The German physicist who built the crackling, clicking device that made the invisible world of radiation tangible and forever changed how we measure it.
Hans Geiger's name is synonymous with a simple, ubiquitous instrument, but his work probed the deepest mysteries of the atom. As a young researcher, he was the meticulous experimental hands for Ernest Rutherford in Manchester, where their famous gold foil experiments—scattering alpha particles—provided the first concrete evidence for the atomic nucleus. Geiger's genius lay in devising ways to detect and count individual subatomic particles. This drive led him to develop the original radiation counter, a sealed tube that produced an electrical pulse for each particle that entered it. Later refined with his student Walther Müller into the durable Geiger-Müller tube, his invention democratized radiation detection, moving it from the lab specialist to the field technician, the medic, and the prospector. His career, which spanned the tumultuous rise of nuclear physics in early 20th-century Germany, was fundamentally about making the imperceptible perceptible, giving science a new sense with which to explore the fabric of matter.
1860–1882
Born during or after the Civil War, they built industrial America — the railroads, the steel mills, the first skyscrapers. An era of massive wealth, massive inequality, and the belief that the future belonged to whoever could build it fastest.

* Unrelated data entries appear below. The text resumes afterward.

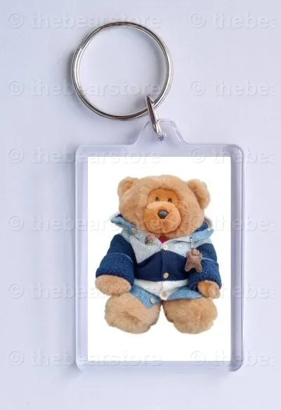 Keyring featuring Cefni bear in his blue striped jacket.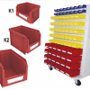 Contenitori sovrapponibili e cassettiere realizzati in resina termoplastica, carrelli con ruote e pannelli pensili di varie tipologie, dimensioni e colorazioni. Prodotti robusti e molto pratici adatti per diversi utilizzi, come ad esempio magazzini o negozi.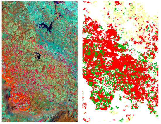 The left image is a sample of the northern province, and the right is the target image from the TH-Isan Landsat-8 corpus. Three classes comprise the target of the medium-resolution data set: para rubber (red), corn (yellow), and pineapple (green).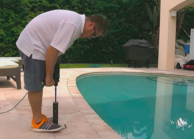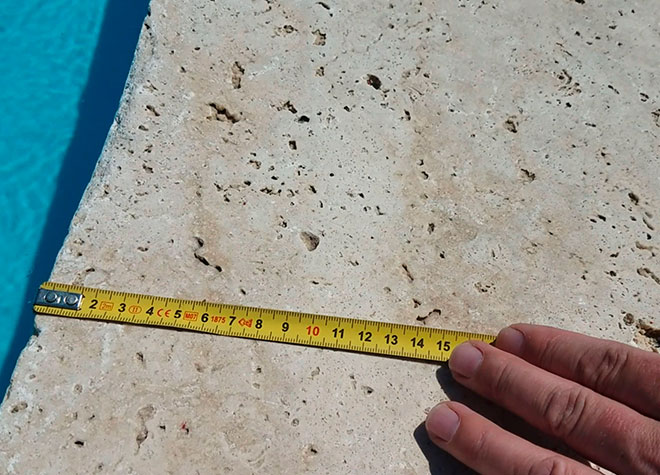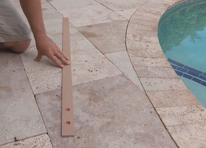 Meet de Securipool zwembadbarrière ten opzichte van het zwembad. Trek een lijn zodat de palen uitgelijnd zijn. Markeer de plaats van het te boren gat met een pen.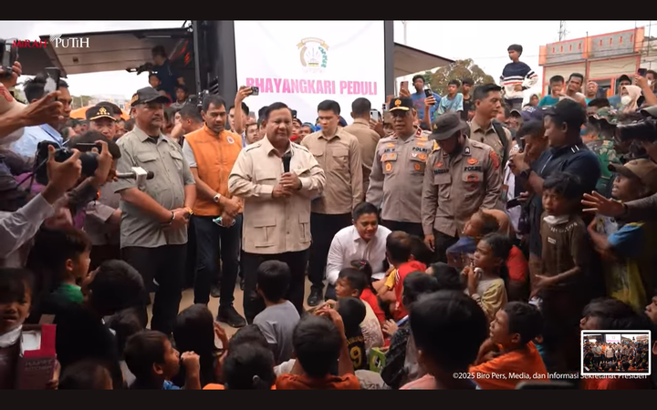 Sebelumnya, Presiden Prabowo Subianto mendarat di Bukit Rata, Aceh Tamiang dengan mengenakan setelan safari berwarna krem.

Hans was born in 1882, placing them squarely in The Gilded Age. The events that shaped this generation — world wars, depression, and rapid industrialization — shaped the world they entered and the choices available to them.
The biggest hits of 1882
The world at every milestone
First electrical power plant opens in New York
First public film screening by the Lumiere brothers
Spanish-American War; US emerges as a world power
Boxer Rebellion in China
Wright brothers achieve first powered flight
Titanic sinks on its maiden voyage
King Tut's tomb discovered in Egypt
Amelia Earhart flies solo across the Atlantic
Battle of Midway turns the tide in the Pacific
WWII ends; atomic bombs dropped on Hiroshima and Nagasaki
The original Geiger counter was so sensitive it had to be operated in a dark room because light could trigger false counts.
He served as an artillery officer in the German army during World War I.
Geiger was a member of the Uranverein, the German nuclear energy project during World War II.
He initially doubted the feasibility of nuclear fission when it was first reported by Otto Hahn and Fritz Strassmann.
The Geiger–Marsden experiments were actually carried out by two of Rutherford's students, Hans Geiger and Ernest Marsden, with Geiger as the senior researcher.
“The alpha particle is a most delicate probe for the atomic nucleus.”